Data section:
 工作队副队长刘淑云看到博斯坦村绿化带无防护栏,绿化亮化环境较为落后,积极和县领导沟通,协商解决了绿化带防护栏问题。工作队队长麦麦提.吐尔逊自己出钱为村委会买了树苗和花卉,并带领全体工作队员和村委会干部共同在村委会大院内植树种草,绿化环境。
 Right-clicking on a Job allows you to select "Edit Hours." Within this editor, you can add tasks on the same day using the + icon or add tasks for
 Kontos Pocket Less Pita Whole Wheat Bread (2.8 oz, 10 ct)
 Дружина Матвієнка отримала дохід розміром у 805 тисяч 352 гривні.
--
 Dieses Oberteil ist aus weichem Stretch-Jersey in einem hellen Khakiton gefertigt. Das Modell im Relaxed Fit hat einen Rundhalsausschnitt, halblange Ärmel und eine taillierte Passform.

What this task involves: Using the records above, write out exactly the lines between the one holding "Kontos Pocket Less" and the one holding "Дружина Матвієнка отримала", inclusive; leave everything else out.

Solution to this problem:
 Kontos Pocket Less Pita Whole Wheat Bread (2.8 oz, 10 ct)
 Дружина Матвієнка отримала дохід розміром у 805 тисяч 352 гривні.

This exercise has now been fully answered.